Assuming recent experimentals:
You can strip 'em through examination menu (or just walking into them) to layer, fix, or replace their gear (or to just strip them and take away all the junk they’ve been accumulating and give back the rest).
You can deny certain squares as No Pickup Zones and give them free reign otherwise.
You can chat to them to "g"ive them stuff, they’ll take liquids but leave the bottle (unless it’s better than their current weapon, at which point they’ll steal the whole bottle from you once they’re not thirsty anymore), and semi-intelligently decide on whether a weapon or clothing item you’re handing them is better than what they have currently.
You can tell them to sleep whenever they like, but they turn narcoleptic and disappear mid-combat to go nap in nearby cars.
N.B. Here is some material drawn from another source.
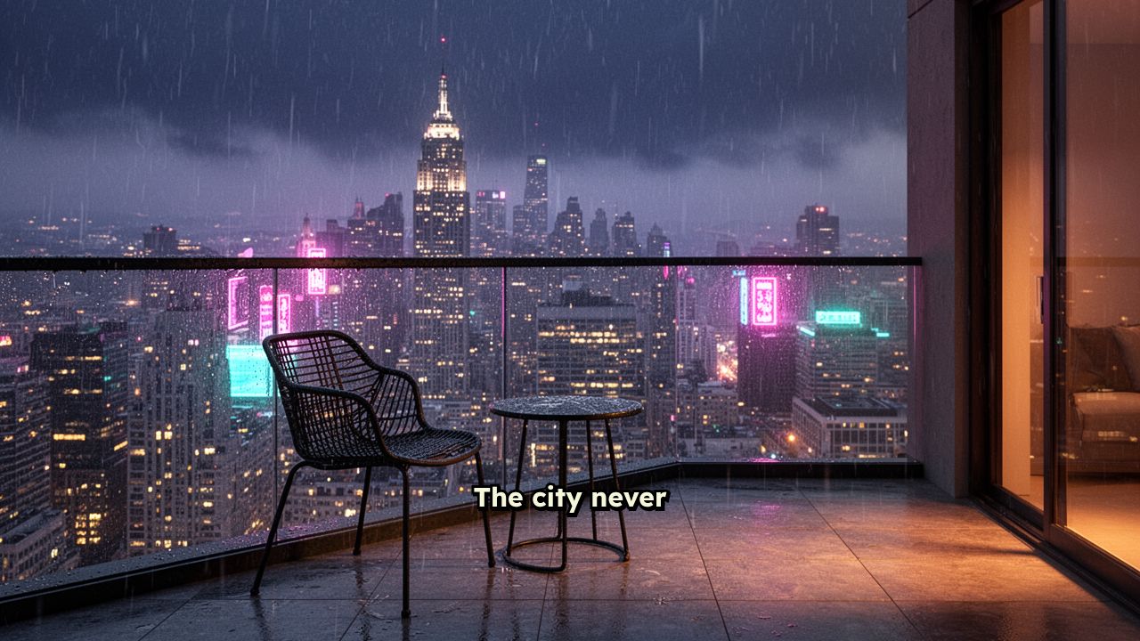 Time seems to stretch here, caught between the falling rain and the blinking lights

You can tell them to shut up about their needs - just remember to feed them periodically.
You don’t, as far as I can tell, need to boil their water - non-boiled water might rarely make them throw up, but they don’t get nauseous or parasites that I can see.
They’re similarly perfectly happy to eat raw meat, junk food, or anything else, since vitamins don’t matter to them.
You don’t need to worry about them dying of exposure. Even your nudist backup singers will be perfectly fine throughout the coldest lab.
You don’t need to worry about their morale, they’ll still help you batch craft regardless.
You can trade gear back and forth with them with no restrictions.
They can train you in their skills if they’re better’n yours. Currently this breaks their current quest if you ask them to train you while it’s ongoing, but otherwise it’s give or take once a day.
When doing missions, refuse a reward and ask they accompany you after. Partymates don’t charge for training and trade stuff for free.
They can increase their skills by either doing stuff, or watching you use your crafting skills. Generally if you have them use a different weapon than you, they can then train you in that weapon type later, so try that in preference to your entire NPC squad using sporks.
They will go out of their way to pulp any non-acid zombie for you, unless you tell them not to, and you can ask them to close doors behind them if you’d like.
Set their engagement rules to something about “close up, weak enemies” rather than “madly suicidal”, and for the love of the Buddha confiscate their explosives and any ammo for their guns.
Do not expect them to help you fight if you’re in a car, they’ll probably be too busy sitting politely in the passenger seat in case you want to drive off.
If they’ve lost their limbs, they will equip any splints you give them intelligently, and take them off when they’re done. You can also push them into a trolley wish "S"witch places, and then drag them around after you, and they’ll happily sit on board so as not to hold you up. They will not, however, return the favour and push you around when spitters melt you up to the groin. Jerks.